Background Jobs in .NET Without Hangfire: Wolverine + Cronos + Outbox
You run two pods of your .NET API behind a load balancer. Every night at 03:00, “send daily summary emails” runs twice and 5,000 customers get duplicate invoices. You add a distributed lock with Redis. It works until Redis fails over and you get duplicates again. You add idempotency keys to the email sender. The accountant asks why three customers got two emails on Wednesday.
The hard part of background jobs is not “run this in five minutes”. It is:
- Exactly-once execution in a cluster — only one node runs the 03:00 job.

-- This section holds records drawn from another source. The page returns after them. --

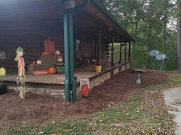 Beautiful Log Cabin on 10 acres with an open floor plan. Great for entertaining and family gatherings. Fairly new kitchen appliances! new hot water heater(3yo). The central heat and air unit is 7 years old. Home has a wrap around porch and a great view of the yard with a creek fed pond. Pond does have fish in it! Bass and brim.
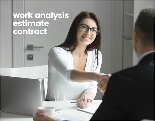 고객의 요청사항을 바탕으로 업무분석을 시작하며 이에 따른 견적이 도출됩니다. 고객의 결정이 내려지면 계약 진행을 포함하여 행정 업무가 마무리 됩니다.
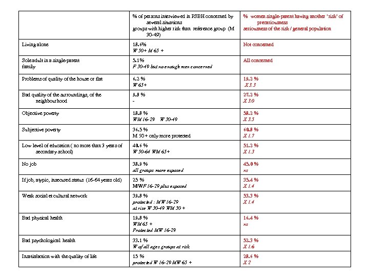 % of persons interviewed in PSBH concerned by several situations groups with higher risk than reference group (M 30 -49) % women single-parent having another ‘risk’ of precariousness seriousness of the risk / general population Living alone 18. 6% W 50+ M 65 + Not concerned Sole adult in a single-parent family 5. 1% F 30 -49 but no enough men concerned All concerned Problems of quality of the house or flat 6. 2 % W 65+ 19. 2 % X 3. 3 Bad quality of the surroundings, of the neighbourhood 9. 8 % - 27. 2 % X 3. 0 Objective poverty 18. 8 % WM 16 -29 W 30 -49 58. 2 % X 3. 5 Subjective poverty 36. 5 % M 50 + only more protected 60. 8 % X 1. 7 Low level of education ( no more than 3 years of secondary school) 40. 6 % W 50 -64 WM 65+ 51. 2 % X 1. 3 No job 38. 9 % all groups more exposed 45. 0 % ns If job, atypic, insecured status (16 -64 years old) 25 % MWF 16 -29 plus exposed 35. 4 % X 1. 4 Weak social et cultural network 39. 8 % protected : MW 16 -29 at rise W 30 -49 WM 50 + 53. 3 % X 1. 4 Bad physical health 19. 8 % WM 65 + Protected MW 16 -29 16. 4 % ns Bad psychological health 33. 1 % W of all ages groups at risk 52. 3 % X 1. 6 Insatisfaction with the quality of life 15 % protected W 16 -29 MW 65 + 28. 6 % X 2
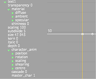 You can animate the 3D text property and geometry channels in the Channel Editor. However, you cannot animate the text string or its profile curve. The 3D text channels are contained in the text folder.
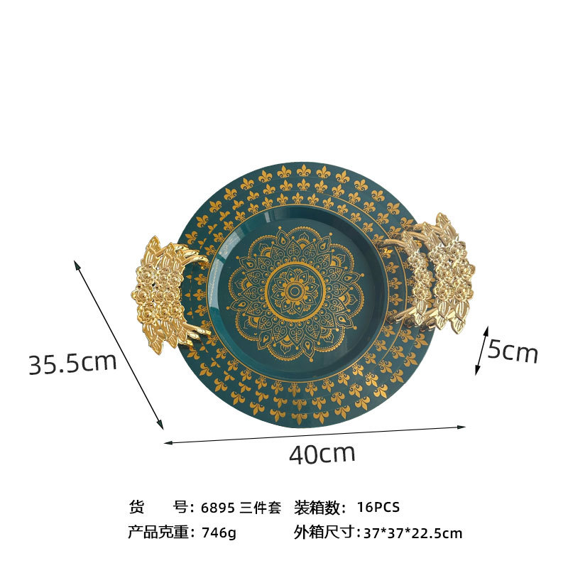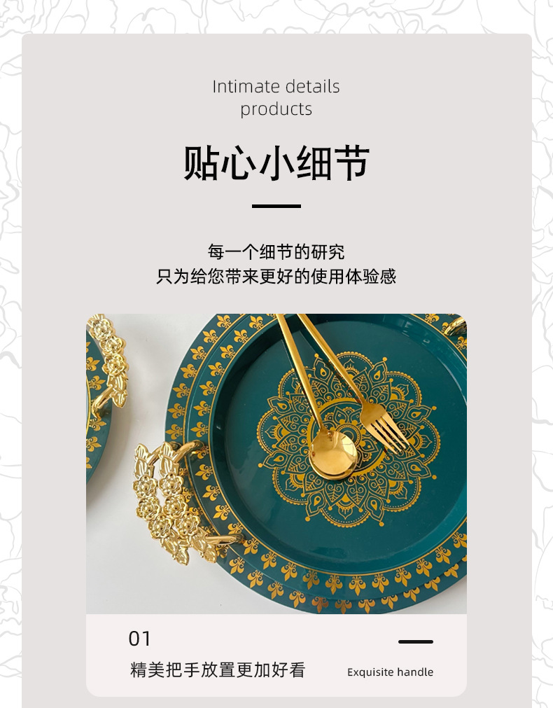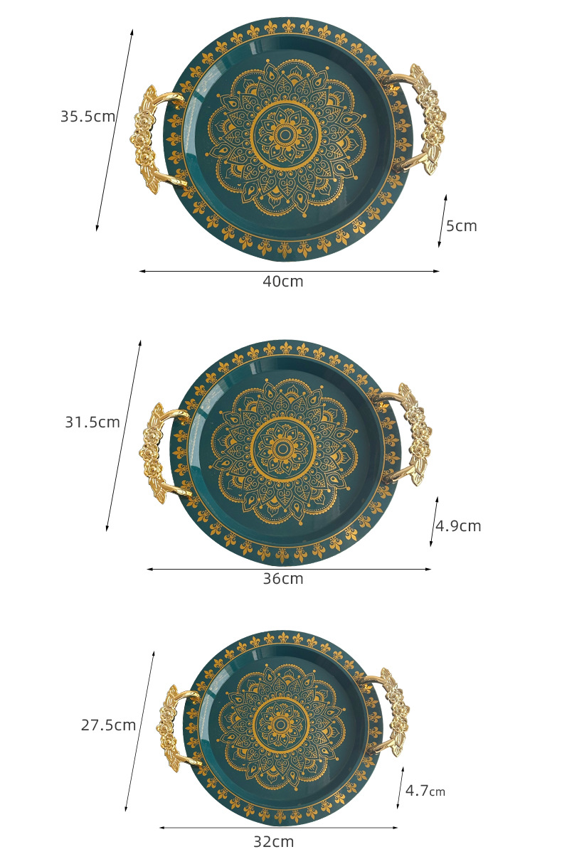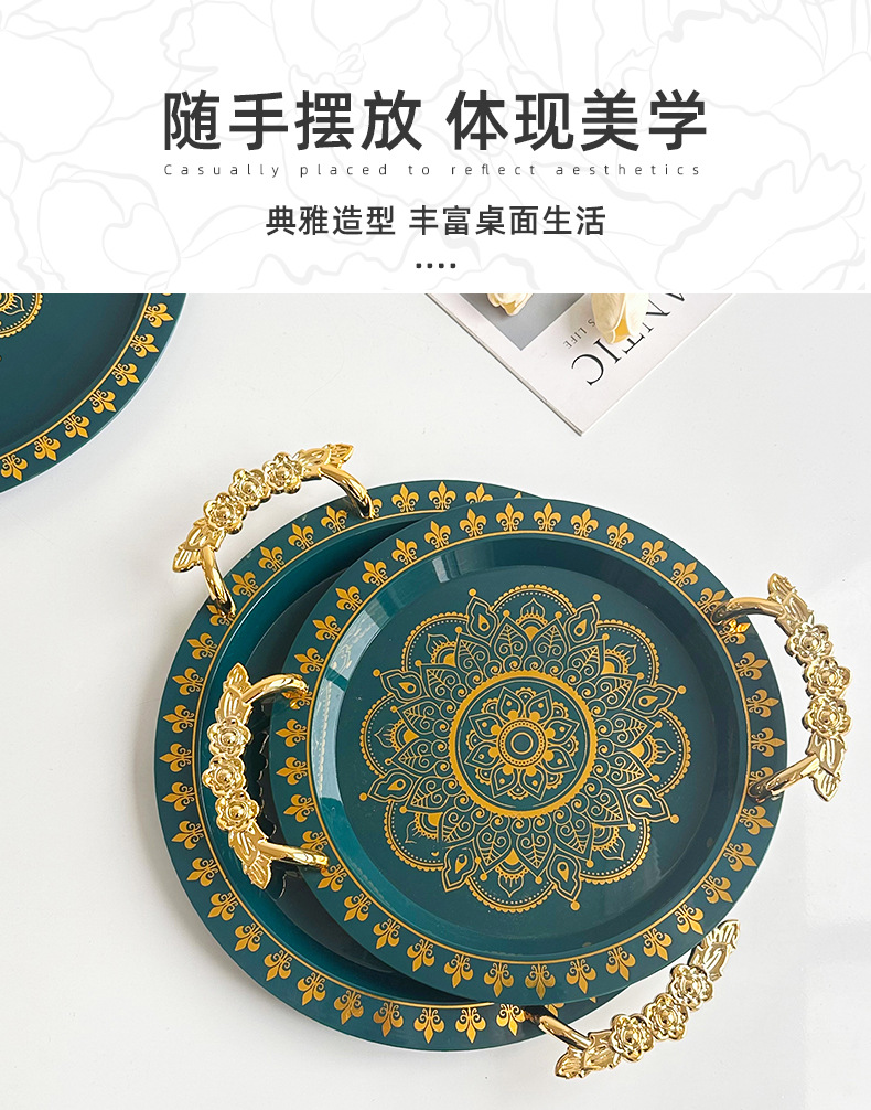 | green gilding round wide edge tray rose handle | CN¥ 6.3 | 99988 piece available |
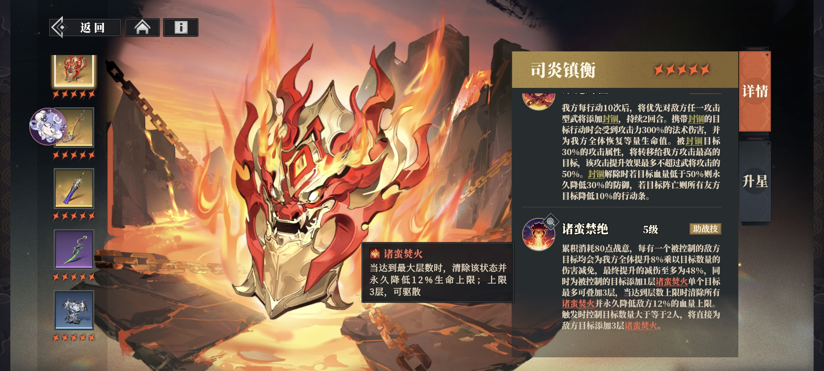 累积消耗一定战意触发,触发时根据敌方被控制数量为我方全体提升减伤,并为被控目标附加【诸蛮焚火】。
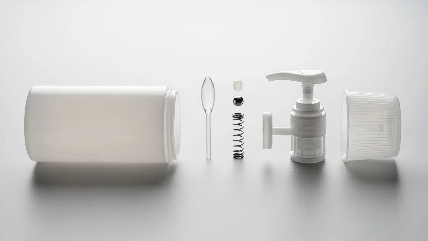 ポンプの内部には、液体を吸い上げるためのストロー部分(ポリエチレンなど)に加え、プッシュして戻る動作のための「金属製のバネ(スプリング)」や「ガラス球」が使われていることがあります。
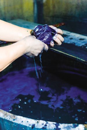 藍(lán)靛染布是一項(xiàng)古老的工藝,是白褲瑤服飾文化的重要組成部分。白褲瑤婦女用藍(lán)靛草來提取染布用的靛泥,隨時(shí)染藍(lán)、青棉線和青布。縫制衣物的白棉布用藍(lán)靛這種天然染料染色,其色澤與一般的機(jī)織布印染有所不同。2018年8月拍攝。
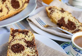 Agregue a la batidora las tres yemas y el azúcar y deje mezclar hasta aclarar. luego agregue la mantequilla derretida y siga batiendo hasta unir. Añade poco a poco y tamizado la harina y la levadura en polvo y mezcle hasta unir. En otro bol, monta las claras a punto de nieve y agregue a la mezcla anterior con una espátula suavemente. Separe una parte de la mezcla y añade el chocolate derretido en el microondas. Mezcle hasta oscurecer. Prepare un molde con mantequilla y harina para que no se pegue la mezcla. En este paso agregue sutilmente al molde ambas mezclas con dibujos de hilos, un poco de la mezcla clara y otra con el chocolate. Lleve al horno treinta minutos a 180 grados o hasta pinchar en el centro con un palillo salga limpio. Deje enfriar y retire del molde. Sirva en lonchas, de esta manera se apreciará el dibujo.
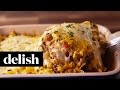 - Spoon browned meat right into a 9x13 inch glass baking dish. Spoon a layer of refried beans over meat, then salsa. Top with shredded cheese.
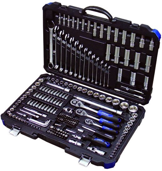 - Наличие в наборе Шестигранные ключи, Удлинители 3/8", Удлинители 1/4", Удлинители 1/2", Трещотка 3/8", Трещотка 1/4", Трещотка 1/2", Торцевые головки 3/8", Торцевые головки 1/4", Торцевые головки 1/2", Отвертка под биты, Головки свечные, Гаечные ключи, Биты
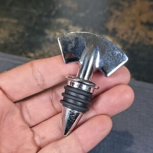 Design: A sleek, conical-shaped stopper made of polished chrome-plated metal with a tiered black rubber ring. This is a classic T-Handle Decanter Stopper style.
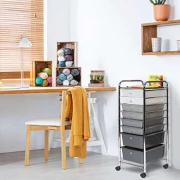 Seville Classics 8-Drawer Multipurpose Mobile Rolling Utility Storage Bin Organizer Cart, Gradient Gray
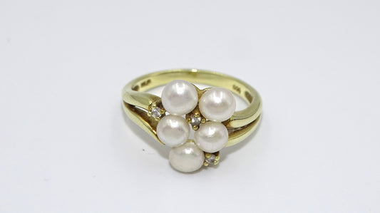 Eleganter Perlenring mit Brillanten in 585er Gold – Größe 55
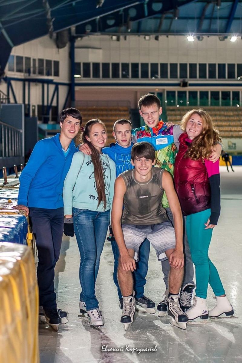 Начинающему фигуристу избежать падений все равно не получится, так что лучше научитесь делать это правильно. Если вы падаете вперед, то приземлиться нужно на всю наружную часть колена и бедра. При этом страховать себя нужно и руками, а точнее — кистями согнутых, пружинящих, но не очень напряженных рук. Ни в коем случае не подставляйте под удар плечо, оно «утянет» за собой голову, и «лобового столкновения» со льдом не избежать. Помните, что голова должна резко откинуться назад.
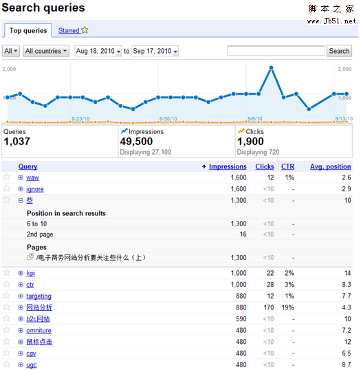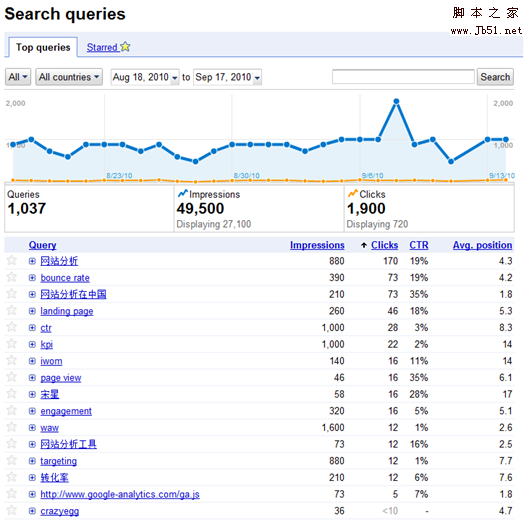 Google WebMaster Tool提供了非常好的搜索引擎結(jié)果數(shù)據(jù),這個(gè)工具還在不斷進(jìn)化中。由于是Google官方提供的,所以可信度不需質(zhì)疑。工具默認(rèn)的排序是按照Impression(展示)排列的,有一些匪夷所思的結(jié)果。
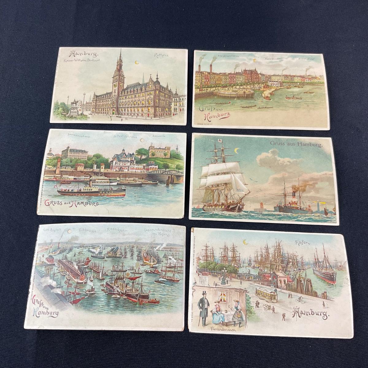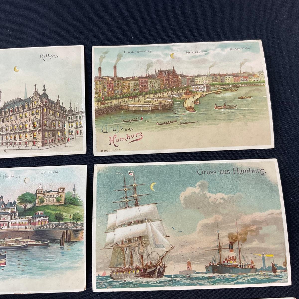 Six vintage Hamburg hold to the light postcards, which special cutouts for like to glow through. Please see photos for details and condition. Any condition statement is given as a courtesy to a client, is an opinion, and should not be treated as a statement of fact. Reference to condition written, oral or within a condition report shall not be regarded as a full account of condition and may not include all defects, alterations, or restorations. Absence of a condition report does not imply a lot is flawless or lacking imperfections or damage. Katherine’s Auction & Appraisal Service shall have no responsibility for any error or omission. Returns shall not be accepted on the basis of condition. ::: Shipping is available on this lot. If you require shipping you must let us know at the close of the auction. We will coordinate with you after the item has been won. Shipping fees will include insurance up to or exceeding the value of all items being mailed. If you have any questions regarding this lot please contact the auctioneer either via this website, by direct email or by phone. PICK UP TIMES and other important information can be found in the TERMS and DESCRIPTION of the auction. Please take a look for pertinent information. Thanks!
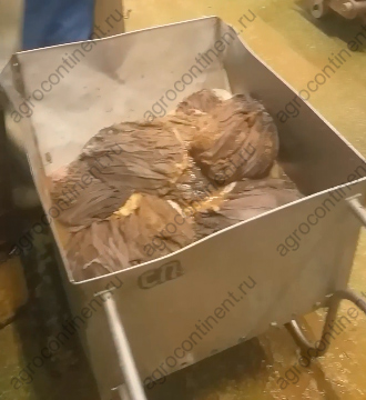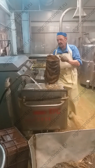 Торгово-производственная компания ООО Агроконтинент предлагает технологию и оборудование для качественной переработки всего кишпакета животных, для всех пищевых перерабатывающих производств, кто работает с: свиньи, овцы, козы, все мрс, быки, коровы, телята, все крс. На рынке очень востребован рубец крс, это желудок простыми словами и его просят и просят, как переработчики в стране, так и для экспорта, например в китай, китайцы очень охотно покупает рубец, сычуг, книжку и т.д. После разделки животного все его части расходятся по цехам, где их перерабатывают дальше, чтобы получить конечный результат готовый уже к продаже на пищевом рынке. Сотрудник, как правило это мужчина, разрезает рубец по кругу, с тем чтобы его качественно очистить от каныги и забросить в тележку с водой. Разрезанный рубец выворачивается и очищается, коныга это не переработанное желудком содержимое, или даже переработанное но частично.

- Atomic scheduling — if the handler succeeds, the next run is persisted. If it crashes, no orphan and no duplicate.
- Transactional consistency — the job and the side effects (DB writes, outbound messages) commit together.
- Cluster-safe leader election — works during rolling deploys, pod restarts, network partitions.
Hangfire handles (1) with a SQL-level distributed lock and is comfortable up to a single SQL server. For (2), (3) and (4), most teams discover the limits the hard way. Wolverine + Cronos gives you all four by piggybacking on the same outbox you already use for events. No second database. No second scheduler. One mental model.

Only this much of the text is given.